--- Data excerpt ---
☆ ☆ ☆ ☆ ☆ ☆ ☆

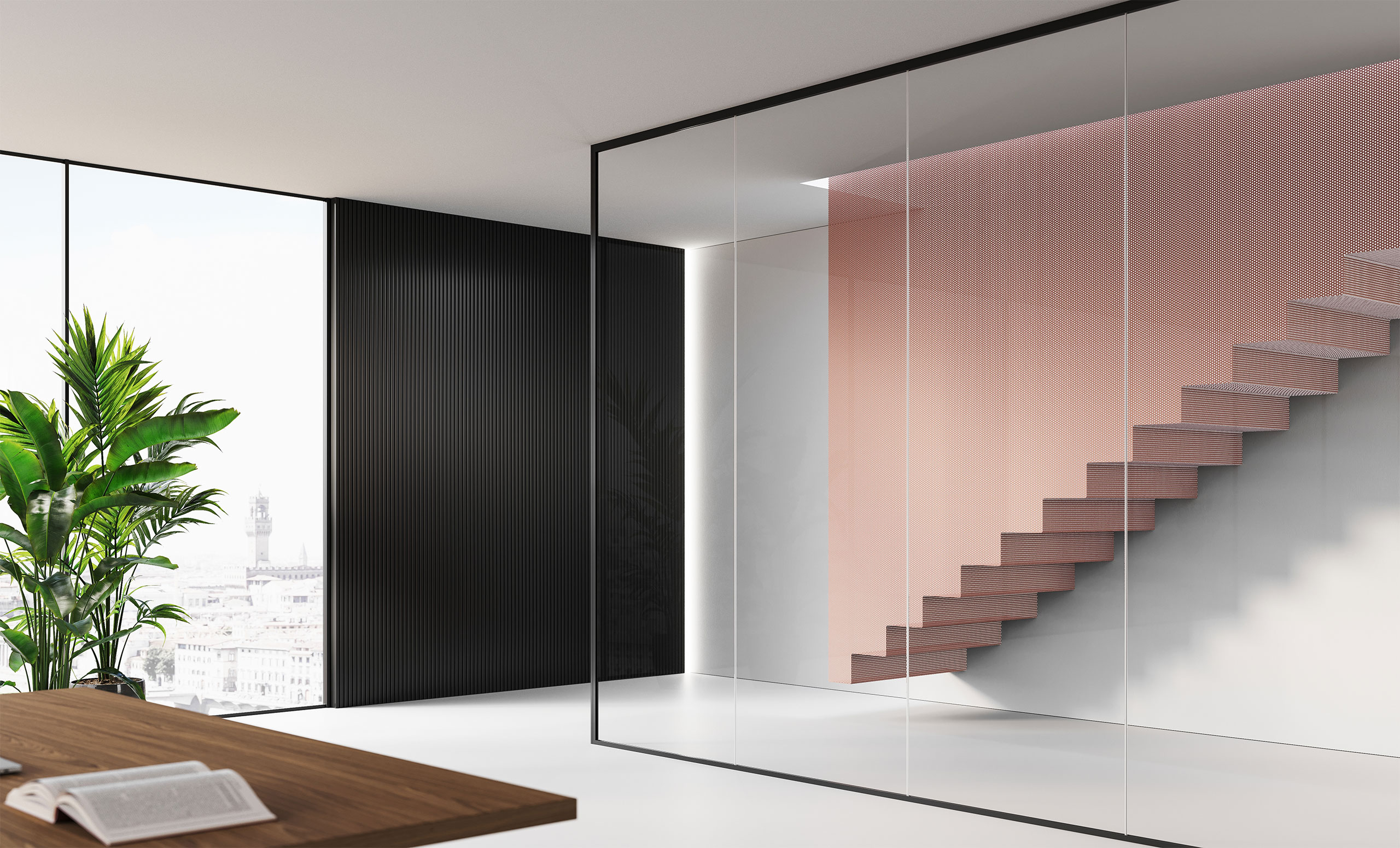 Una parete divisoria in cui i profili fermavetro sono completamente incassati nel pavimento, a soffitto e nelle pareti d’ambito. Una soluzione di grande rigore formale e impegno progettuale che massimizza l’impiego del vetro mettendo in risalto accessori e porte che campeggiano in setti fatti di trasparenza.
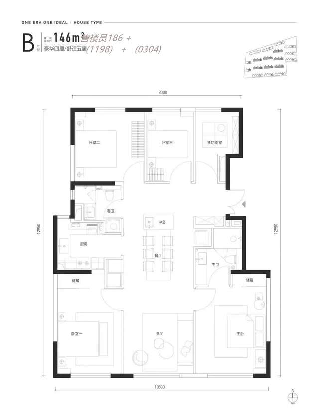 146平可变五居户型方正,南向三面宽达10.5米,南北通透。南向空间同样可打通变为大横厅,也可以通过移动隔墙变为南向双卧+客厅。北向空间可以隔断为双次卧+书房,主卧带浴缸,卫浴分离。
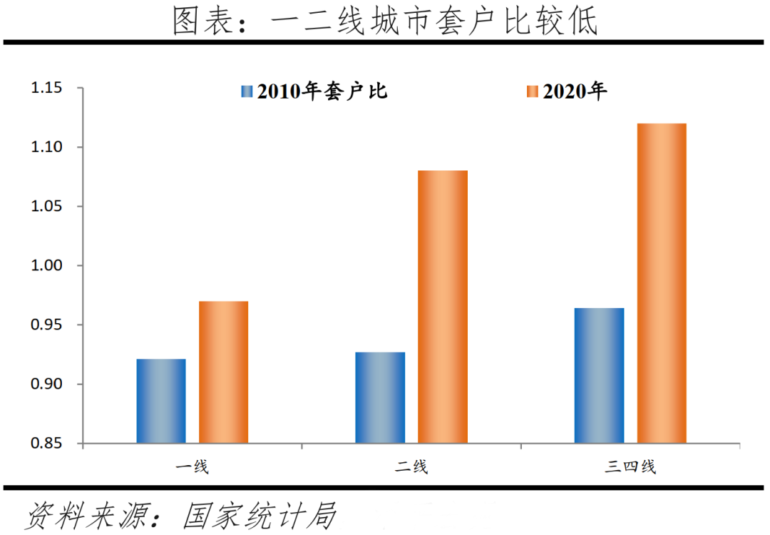 當前一二線住房供給偏緊,套戶比分別為0.97、1.08,中部和東北地區(qū)相對過剩,套戶比分別為1.10、1.13。
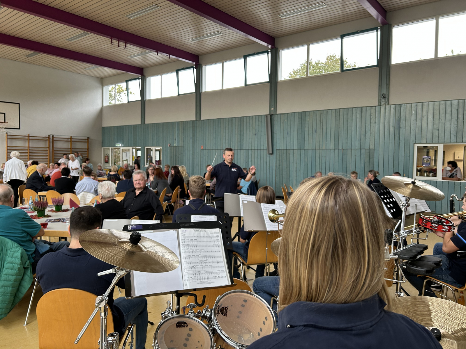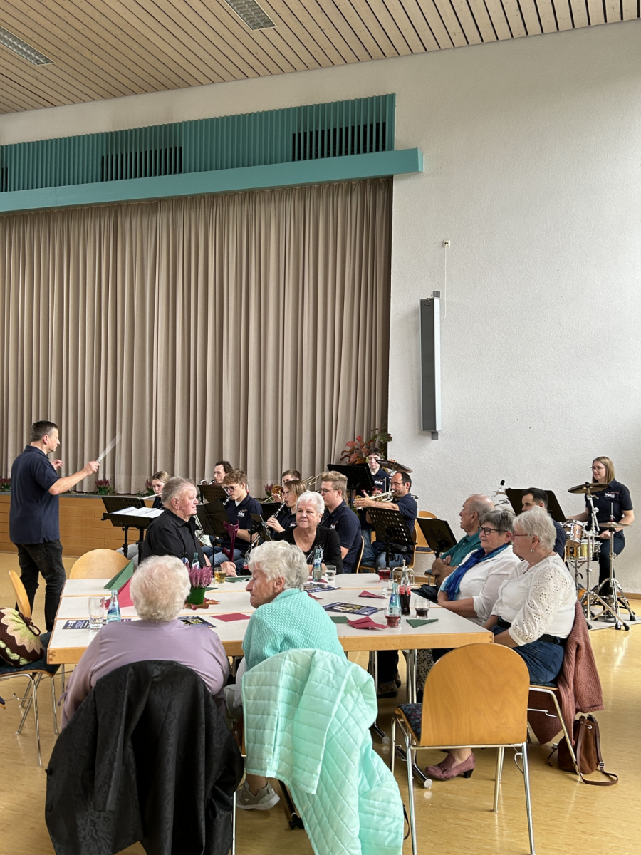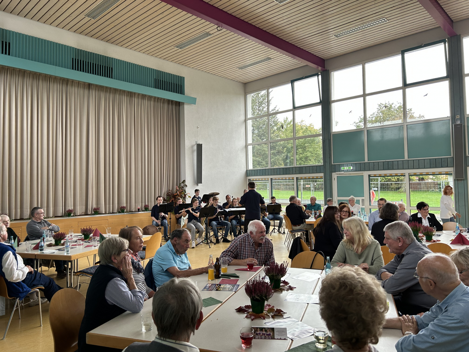 Am 23.10 war es endlich mal wieder soweit für das Jugendorchester Kleestadt beim Seniorennachmittag 2022, im Bürgerhaus Kleestadt, bei Kaffee und Kuchen, für beste Unterhaltung zu sorgen. Rund eine Stunde wurden die Besucher des alljährlich vom Kleestädter Ortsbeirat veranstalteten Events mit Musik aus Radio, Film und Fernsehen unterhalten. Mit Titeln wie „Music from Grease“, einem Medley aus dem bekannten Musical Grease, und „Rock around the Clock“ wurde neben dem Austausch an Gesprächsstoff, der an diesem Nachmittag unter den Senioren stattfand, zusätzlich auch für jede Menge musikalische Unterhaltung gesorgt. Rund 70 Senioren waren unser Publikum, darunter 36 Senioren über 80 Jahre. Zu letzterer Gruppe zählte auch unser aktives Vereinsmitglied Werner Reeg, über dessen Besuch wir uns sehr gefreut haben. Begleitet wurde die Veranstaltung unter anderem von Ortsvorsteherin Marina Glorius, Pfarrer Erhard Weilbächer, sowie unseren im September gekrönten Weinhoheiten.

☆ ☆ ☆ ☆ ☆ ☆ ☆

--- Try it ---
Give again, word for word, the lines above from the first one through the one containing "當前一二線住房供給偏緊,套戶"; no pictures.

--- Solution to this task ---
 Una parete divisoria in cui i profili fermavetro sono completamente incassati nel pavimento, a soffitto e nelle pareti d’ambito. Una soluzione di grande rigore formale e impegno progettuale che massimizza l’impiego del vetro mettendo in risalto accessori e porte che campeggiano in setti fatti di trasparenza.
 146平可变五居户型方正,南向三面宽达10.5米,南北通透。南向空间同样可打通变为大横厅,也可以通过移动隔墙变为南向双卧+客厅。北向空间可以隔断为双次卧+书房,主卧带浴缸,卫浴分离。
 當前一二線住房供給偏緊,套戶比分別為0.97、1.08,中部和東北地區(qū)相對過剩,套戶比分別為1.10、1.13。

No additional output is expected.